TASK REQUIREMENTS → Transcribe every line from the one containing "На веб-страницата за" to the end of the listing, exactly as written, and leave out the pictures.
*** EXTRACTED MATERIAL ***
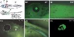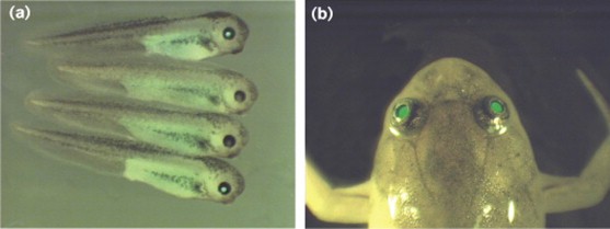 Figure 1. Germline transmission of the γ1crystallin�GFP transgene in X. laevis. (a) Image of four F1 stage 30 embryos from transgenic line 1. Note that two out of the four embryos express GFP in the lens. (b) Metamorphosed F1 froglet expressing GFP in the lens.
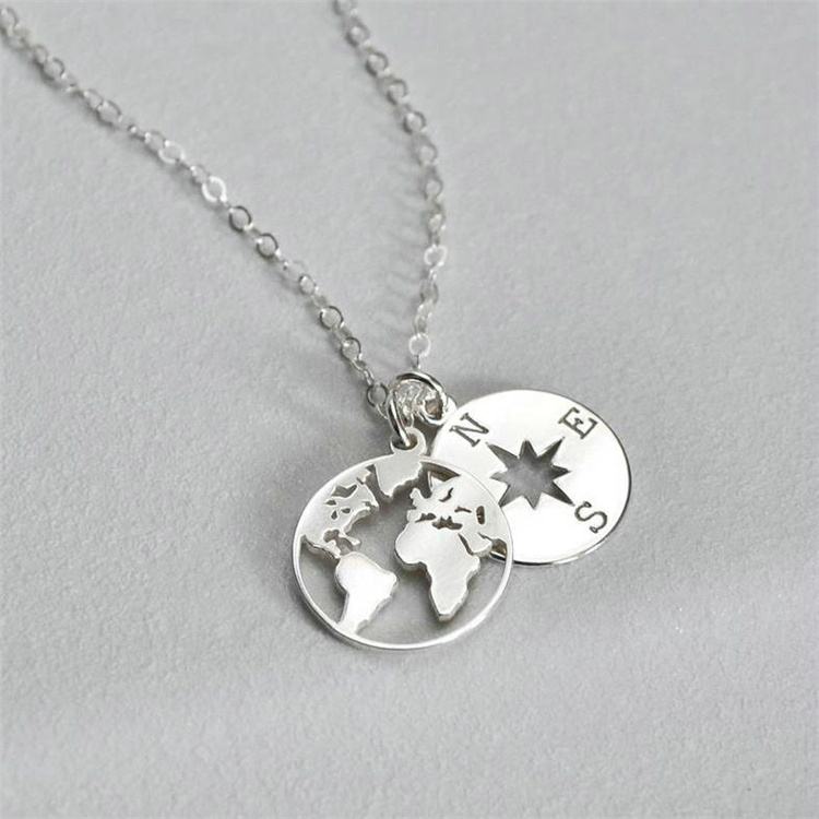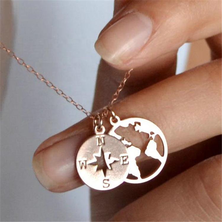 Personalizzato 18k oro Del Mondo Mappa e Bussola Collana di fascino del pendente Wanderlust Regalo in acciaio inox Gioielli viaggiatore
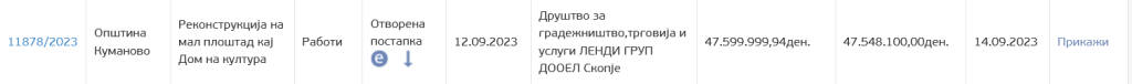 На веб-страницата за јавни набавки стои дека првичниот договор е склучен на 12.09.2023.
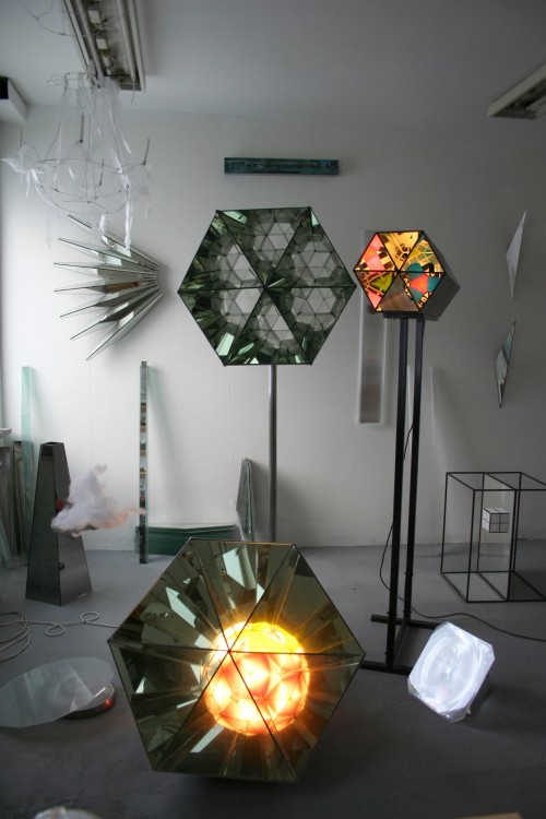 Jag arbetar med glas, speglar, och konstruktion där jag gör mina beräkningar i Cad och 3D applikationer. Vidare så experimenterar jag som alltid med rörlig bild, ljus, reflexer och olika material.
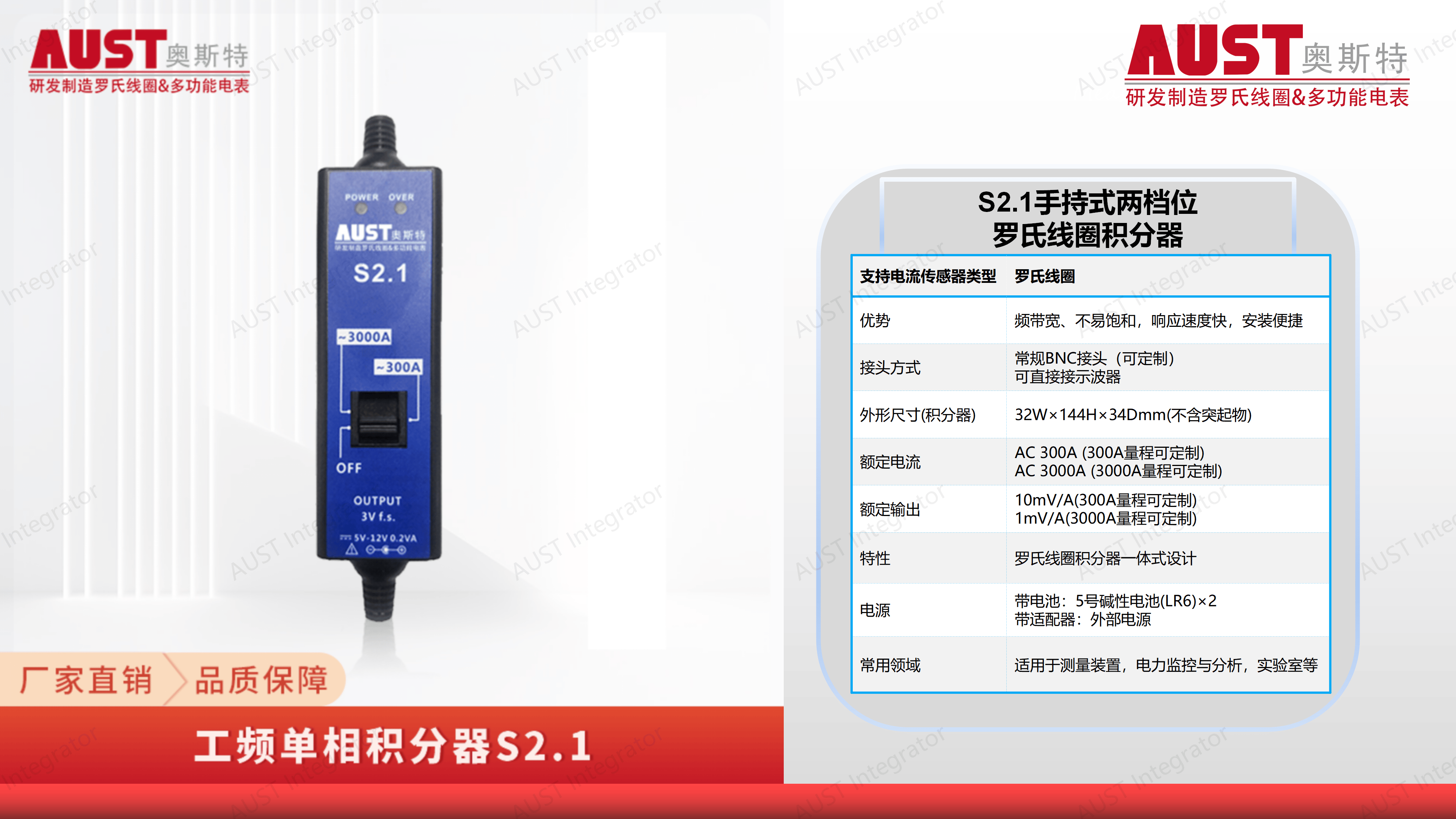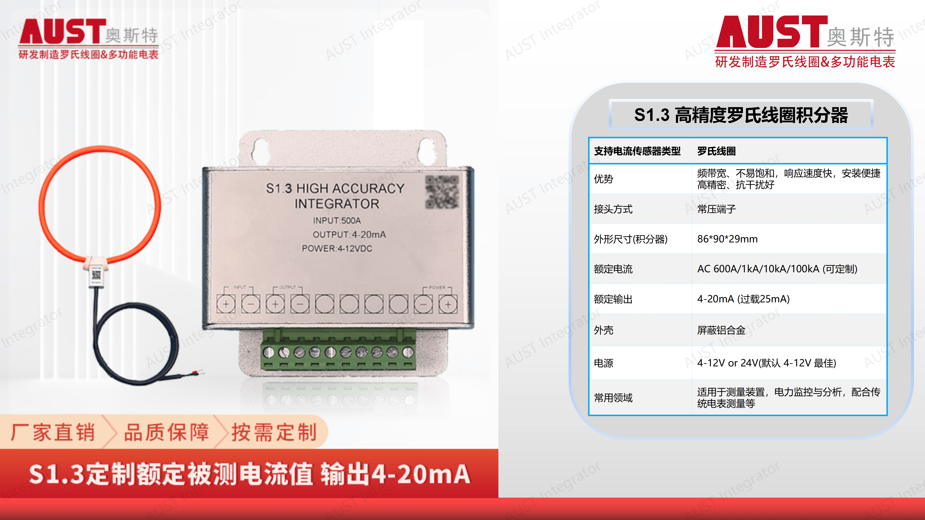 S1.1高精度电压输出积分器 S1是一种带精密屏蔽铝合金外壳的高精度罗氏线圈积分器,内置低波纹 DC 电源模块。 特征 1)S1 可以与任何型号和尺寸的 Y-FCT,NCT,ZRC 等系列的罗氏线圈配合使用; 2)可以根据客户要求,定制额定被测电流值; 3)输出值为:0-10VDC,0-10V 峰值,4-20mA; 4)零漂低至 1.5mV; 5)高带宽测量 30 至 20kHz; 6)S1 和罗氏线圈是一个非常灵活的系统,适用于测量装置,电力监控与分析,配合传统电表测量等。
*** End of EXTRACTED MATERIAL ***
SOLUTION TO THE PROBLEM →
 На веб-страницата за јавни набавки стои дека првичниот договор е склучен на 12.09.2023.
 Jag arbetar med glas, speglar, och konstruktion där jag gör mina beräkningar i Cad och 3D applikationer. Vidare så experimenterar jag som alltid med rörlig bild, ljus, reflexer och olika material.
 S1.1高精度电压输出积分器 S1是一种带精密屏蔽铝合金外壳的高精度罗氏线圈积分器,内置低波纹 DC 电源模块。 特征 1)S1 可以与任何型号和尺寸的 Y-FCT,NCT,ZRC 等系列的罗氏线圈配合使用; 2)可以根据客户要求,定制额定被测电流值; 3)输出值为:0-10VDC,0-10V 峰值,4-20mA; 4)零漂低至 1.5mV; 5)高带宽测量 30 至 20kHz; 6)S1 和罗氏线圈是一个非常灵活的系统,适用于测量装置,电力监控与分析,配合传统电表测量等。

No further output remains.